■ **Supplied information**:
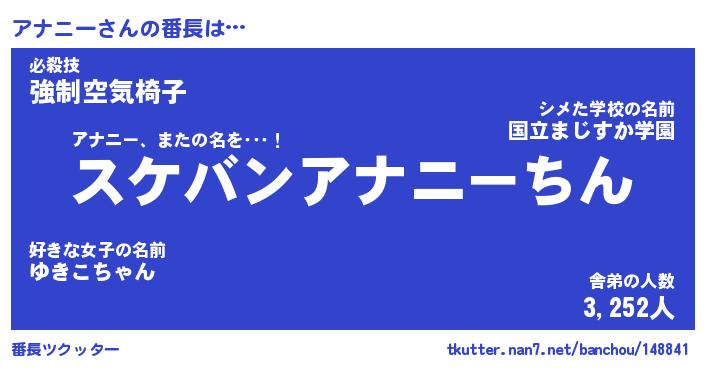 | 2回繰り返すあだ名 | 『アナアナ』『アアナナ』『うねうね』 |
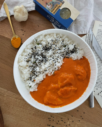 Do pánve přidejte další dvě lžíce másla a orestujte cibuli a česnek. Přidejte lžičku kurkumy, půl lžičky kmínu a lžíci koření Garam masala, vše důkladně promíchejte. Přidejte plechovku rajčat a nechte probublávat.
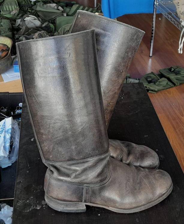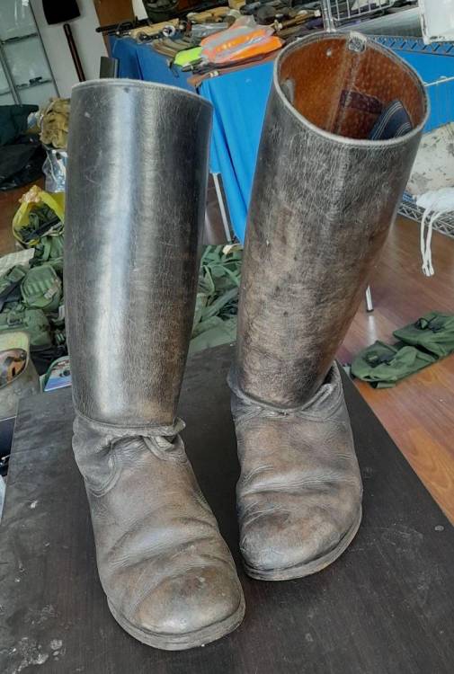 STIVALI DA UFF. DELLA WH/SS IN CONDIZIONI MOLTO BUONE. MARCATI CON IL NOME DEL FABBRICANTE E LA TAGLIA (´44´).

...

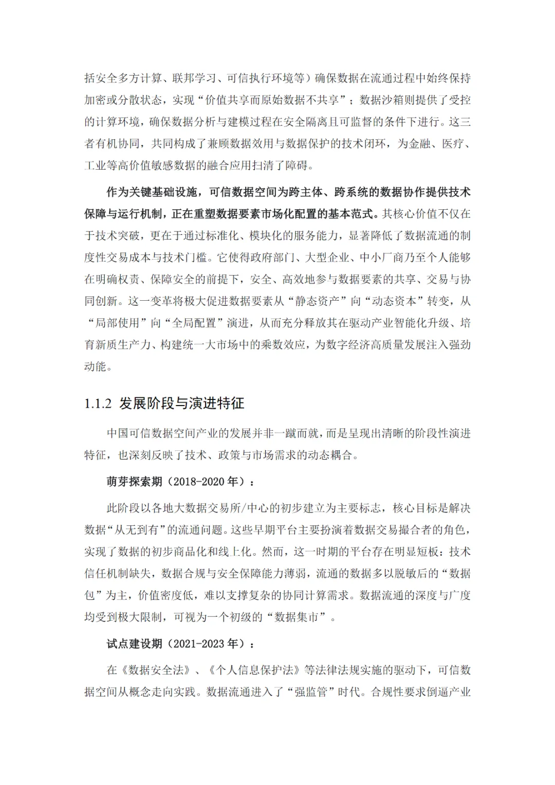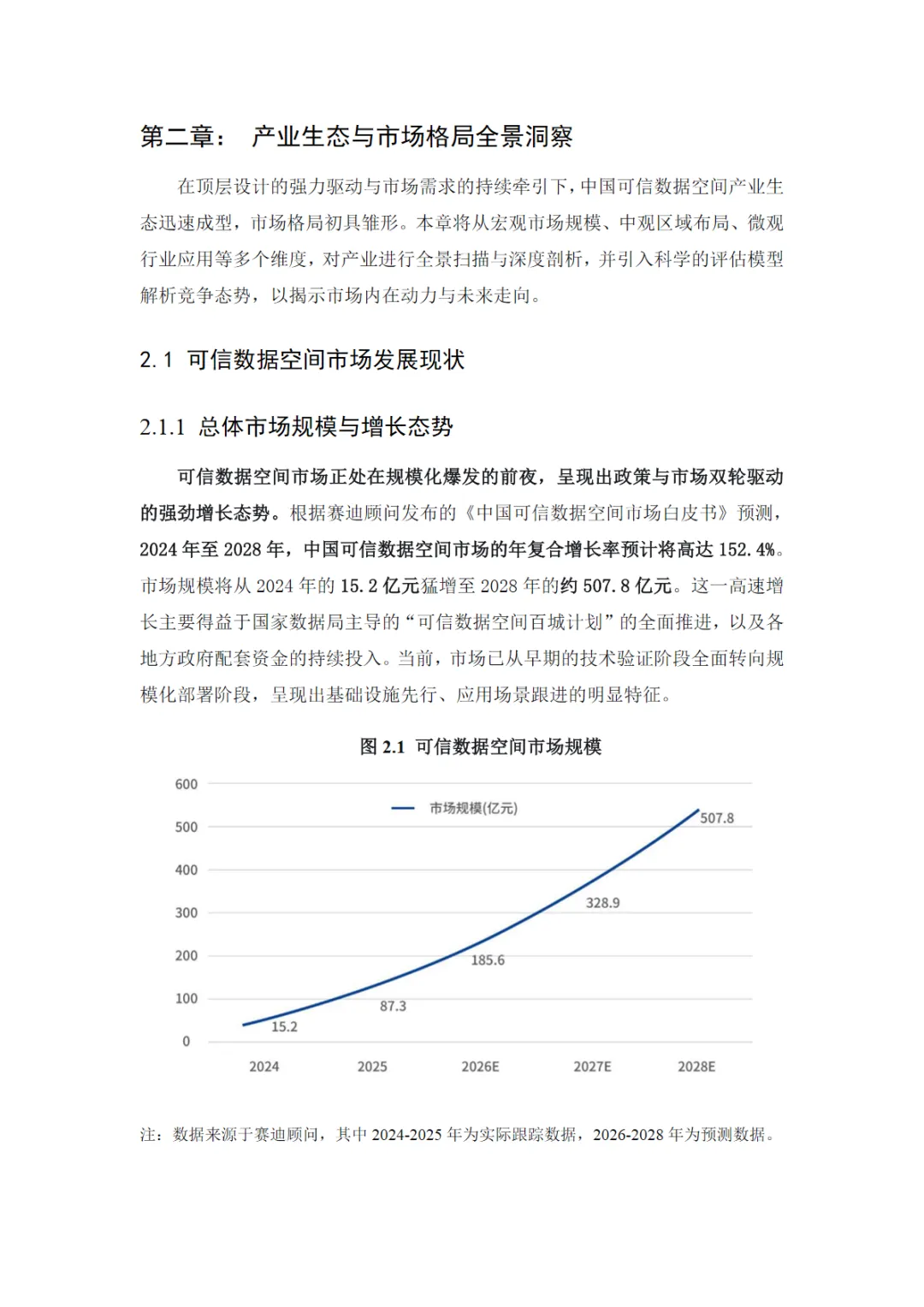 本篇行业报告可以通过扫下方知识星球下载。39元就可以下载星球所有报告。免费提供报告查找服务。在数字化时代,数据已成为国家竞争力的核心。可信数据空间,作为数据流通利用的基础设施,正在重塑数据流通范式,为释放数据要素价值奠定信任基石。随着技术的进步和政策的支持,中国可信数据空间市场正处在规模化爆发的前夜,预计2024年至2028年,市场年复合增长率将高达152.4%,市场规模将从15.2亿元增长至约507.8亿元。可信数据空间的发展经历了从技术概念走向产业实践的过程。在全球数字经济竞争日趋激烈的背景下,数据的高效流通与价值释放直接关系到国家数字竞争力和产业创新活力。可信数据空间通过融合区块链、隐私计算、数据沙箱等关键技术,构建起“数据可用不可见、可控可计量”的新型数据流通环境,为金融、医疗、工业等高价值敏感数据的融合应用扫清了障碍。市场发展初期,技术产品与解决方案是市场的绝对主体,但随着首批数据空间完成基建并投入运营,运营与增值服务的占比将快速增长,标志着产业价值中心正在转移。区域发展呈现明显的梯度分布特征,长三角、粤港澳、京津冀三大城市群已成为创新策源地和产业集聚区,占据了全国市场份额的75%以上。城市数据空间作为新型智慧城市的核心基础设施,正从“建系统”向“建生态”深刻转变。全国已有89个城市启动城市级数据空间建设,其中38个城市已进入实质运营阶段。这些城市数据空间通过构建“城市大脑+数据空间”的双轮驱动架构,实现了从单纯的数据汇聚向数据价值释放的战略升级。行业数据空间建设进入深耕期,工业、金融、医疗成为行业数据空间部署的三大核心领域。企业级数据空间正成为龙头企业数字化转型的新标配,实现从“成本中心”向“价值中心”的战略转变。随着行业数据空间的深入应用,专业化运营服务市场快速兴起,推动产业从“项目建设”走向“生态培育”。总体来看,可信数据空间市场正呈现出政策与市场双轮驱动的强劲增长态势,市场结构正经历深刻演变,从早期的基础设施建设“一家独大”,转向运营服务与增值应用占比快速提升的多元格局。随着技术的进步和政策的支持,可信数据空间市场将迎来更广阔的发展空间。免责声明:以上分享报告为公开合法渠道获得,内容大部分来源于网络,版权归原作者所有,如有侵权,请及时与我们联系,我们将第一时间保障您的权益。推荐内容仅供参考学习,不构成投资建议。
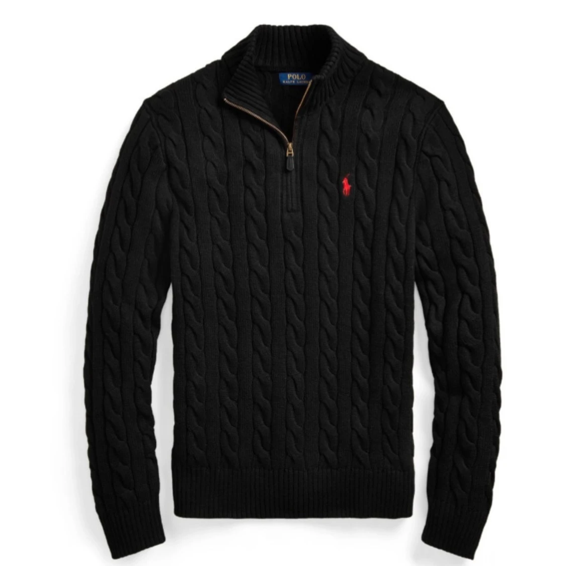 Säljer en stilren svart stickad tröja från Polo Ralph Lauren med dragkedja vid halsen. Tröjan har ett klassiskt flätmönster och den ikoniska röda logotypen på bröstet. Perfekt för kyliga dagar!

■ **Task item**: Look through the listing above for the line with "2回繰り返すあだ名 | 『アナアナ』『アアナナ』『うねうね』 |" and the line with "Do pánve přidejte". Write out exactly those lines and everything between, leaving out pictures.

■ **Task answer**:
 | 2回繰り返すあだ名 | 『アナアナ』『アアナナ』『うねうね』 |
 Do pánve přidejte další dvě lžíce másla a orestujte cibuli a česnek. Přidejte lžičku kurkumy, půl lžičky kmínu a lžíci koření Garam masala, vše důkladně promíchejte. Přidejte plechovku rajčat a nechte probublávat.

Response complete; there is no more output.